Matěj Račinský
Matěj Račinský

Reputation: 1804

Dask dataframe join slow as pandas

I have 2 dataframes, one called animes ~10k rows of data, one called animelists ~30M rows of data, and want to join them. I benchmarked it with pandas, and it is faster only around 7% speedup, which is not much and I wonder if it can be faster if I have 16 cores.

I have pandas Dataframes, where I set indices

animes = animes.set_index('anime_id')
animelists = animelists.set_index('anime_id')

The data looks like this (I ommited other columns), animes:

anime_id | genres
-------- | ------
11013    | Comedy, Supernatural, Romance, Shounen
2104     | Comedy, Parody, Romance, School, Shounen
5262     | Comedy, Magic, School, Shoujo

and animelists:

anime_id | username | my_score
21       | karthiga | 9
59       | karthiga | 7
74       | karthiga | 7

and then I created Dask Dataframes from this

animes_dd = dd.from_pandas(animes, npartitions=8)
animelists_dd = dd.from_pandas(animelists, npartitions=8)

I want to join effectively individual anime genres with animelists to query scores by genres. I have code to do that here in pandas:

genres_arr = animes['genres'].str.replace(' ', '').str.split(',', expand=True).stack().reset_index(drop=True, level=1).to_frame(name='genre')
genres_arr = genres_arr[genres_arr['genre'] != '']
resulting_df = animelists.merge(genres_arr, how='inner', left_index=True, right_index=True)
# this takes 1min 37s

and same code in dask:

genres_arr_dd = animes_dd['genres'].map_partitions(lambda x: x.str.replace(' ', '').str.split(',', expand=True).stack().reset_index(drop=True, level=1)).to_frame(name='genre')
genres_arr_dd = genres_arr_dd[genres_arr_dd['genre'] != '']
resulting_dd = animelists_dd.merge(genres_arr_dd, how='inner', left_index=True, right_index=True).compute()
# this takes 1min 30s

(the resulting dataframe has ~140M rows)

Is there any way to speed it up more?

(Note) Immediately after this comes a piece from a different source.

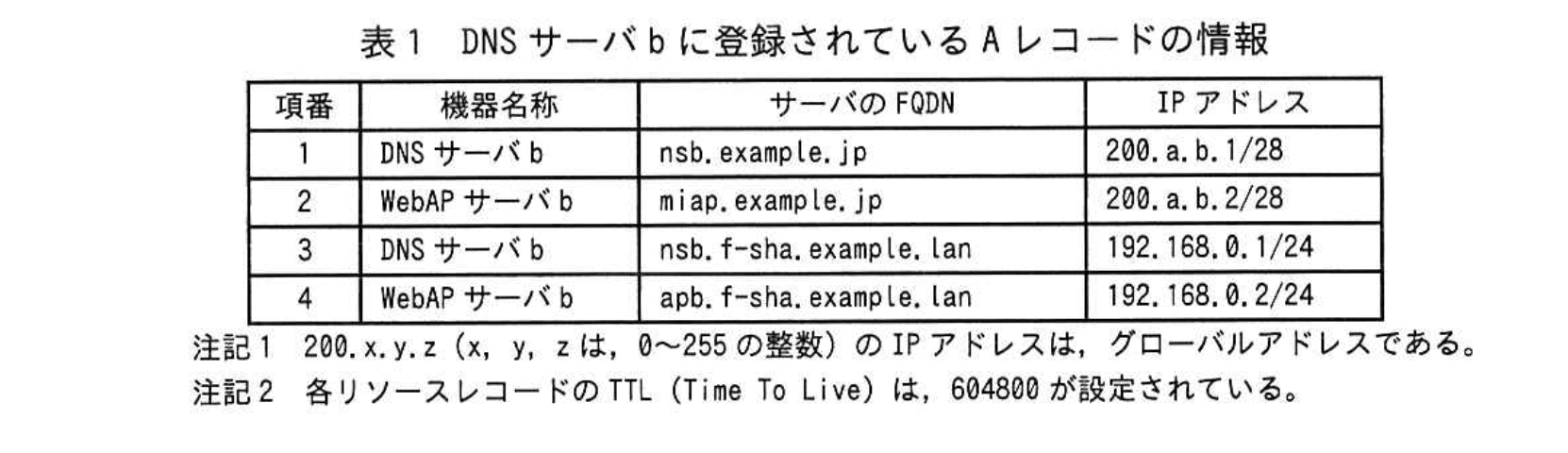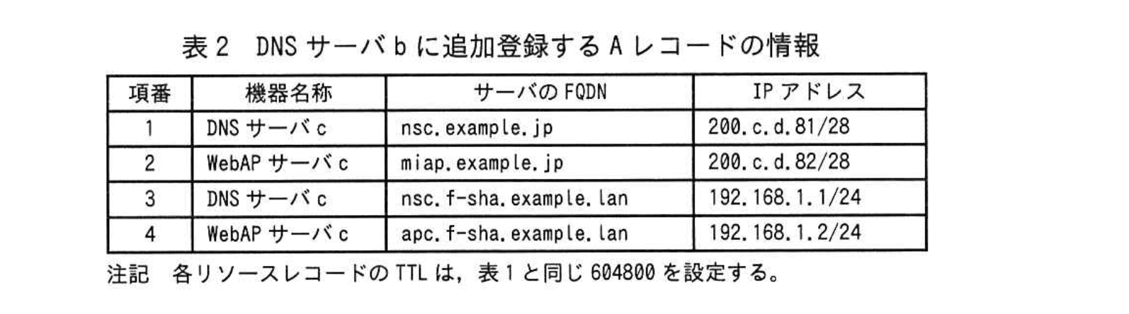 DNSサーバbに追加登録するAレコードの情報を表2に示す。

I followed the official performance guide, I perform joins on indexed columns, and have 8 partitions on each Dask Dataframe, so it should be prepared for effective multiprocessing join.

What is wrong here and how should I speed it up more?

When I ran the code in jupyter notebook, I was watching per-core CPU utilization, and it was very low, and some time, only one core was active, and ran at 100%. It seems that it does not parallelize well.

Upvotes: 1

Views: 2825

Answers (1)

mdurant
mdurant

Reputation: 28673

This has been repeated elsewhere, so I will keep it very brief.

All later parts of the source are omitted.